Python – Create faceted matplotlib/seaborn plots using indicator variables instead of single columns

Create faceted matplotlib/seaborn plots using indicator variables instead of single columns… here is a solution to the problem.

Create faceted matplotlib/seaborn plots using indicator variables instead of single columns

Seaborn is ideal for creating polygon charts based on categorical variables that encode the categories of each polygon. However, this assumes that your categories are mutually exclusive.
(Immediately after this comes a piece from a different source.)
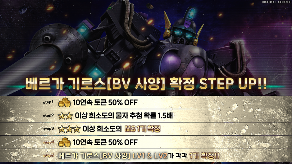 - ・STEP5(30토큰):베르가 기로스[BV 사양] LV1 & LV2 가 각각 1기 확정!

Is it possible to create a Seaborn FacetGrid (or similar) based on a set of metric variables?

As a concrete example, consider comparing patients infected with one or more viruses and plotting attributes of interest by virus. A patient may carry more than one virus, so it is not possible to create a virus column to create a grid. However, you can create a set of indicator variables, one for each virus, to label the virus for each patient. There seems to be no way to pass a set of indication variables to any Seaborn function to do this.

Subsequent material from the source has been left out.